Engaging with Our Tenants

 

Despite owning our properties subject to triple-net leases, under which our tenants control all business operations at the properties, we will strive to positively influence the sustainability practices of our tenants. Effective encouragement of sustainability initiatives, particularly related to energy, water and indoor environmental quality, can lead to the adoption of practices that can drive business and real estate value appreciation, decrease operating costs and mitigate regulatory risks.  

 

In 2019, we initiated a tenant outreach program designed, initially, to gauge our tenants’ current sustainability practices, including their engagement in the types of practices described below.  We expect to continue this outreach program, with a focus on providing our tenants with education, ideas and support for property-level sustainability solutions, while encouraging them to engage in sustainable practices.
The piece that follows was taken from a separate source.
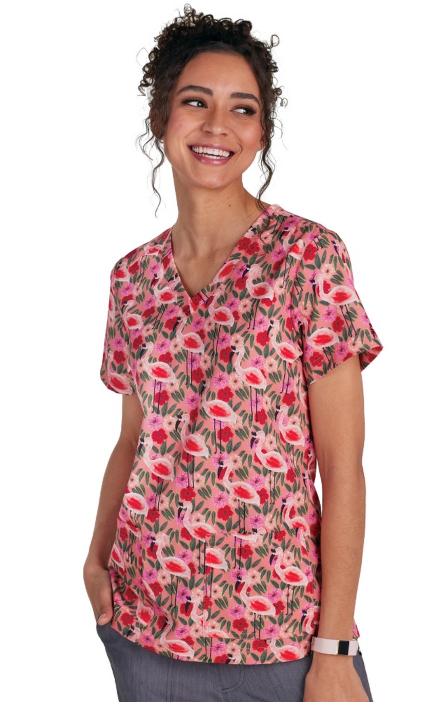 1122PRA koi Artist Series Limited Edition Rosalie Top - Flamingo and Flowers

Such sustainable practices may include:

 

  • Installing high-efficiency lighting and using smart energy management systems that track the flow of people in and out of a room and adjust lighting, heating and cooling based on factors such as use and occupancy; 
  • Saving water by installing low-flow faucets, toilets and urinals, replacing water heaters with tankless water heaters that can also reduce storage costs and waste, and ensuring that older water heaters and pipes are well insulated; 
  • Implementing energy-efficiency upgrades that require upfront investment but have measurable and positive near- or long-term payback;
  • Assessing building equipment, including HVAC systems, thermostats, hot water tanks, pumps, piping and air filters, to ensure that they are properly calibrated, clean, insulated if necessary and operating as efficiently as possible; 
  • Avoiding leaks in the windows, doors, walls, roofs and foundations of buildings, as well as using improved coatings, glazings and insulation materials to reduce the loss of heat in the winter and cool air in the summer, all of which are low-cost ways to save energy and lower building costs; and
  • Engaging professionals to install sensors, monitors and software that measure exactly how much energy a building uses and how that usage can be reduced.

 

Governance, Transparency, and Reporting 

 

The successful implementation of our environmental sustainability commitments depends on good corporate governance, internal focus and transparency about our efforts and progress. To achieve this, we have established a Sustainability Working Committee made up of a diverse group of management and employee representatives that serves as an internal working group focused on developing and furthering our sustainability efforts.  The efforts of the Sustainability Working Committee are overseen by a management-level ESG Committee that selects and coordinates our specific sustainability-related initiatives. In addition to working through these committees, we will endeavor to:

 

  • Regularly report to the Nominating and Corporate Governance Committee of our Board of Directors on our environmental initiatives and progress;
  • Engage with external stakeholders, including our institutional stockholders, to solicit feedback about our performance, disclosures and opportunities for enhancement; and
  • Externally report on our progress on these commitments on a regular basis.

 

Policy Governance

 

The Nominating and Corporate Governance Committee of our Board of Directors is charged with considering and advising the Board on environmental stewardship matters, reviewing and recommending appropriate environmental stewardship goals, policies and practices, and reviewing and monitoring key performance metrics relating to environmental stewardship matters.

 

In accordance with the foregoing, this Policy Statement on Environmental Sustainability was approved by our executive management team on October 29, 2019, and is overseen and reviewed at least annually by the Nominating and Corporate Governance Committee of our Board of Directors. This Policy Statement is maintained by our Chief Compliance Officer. Substantive revisions may be approved by our Chief Compliance Officer in conjunction with oversight by the executive management team and the Nominating and Corporate Governance Committee.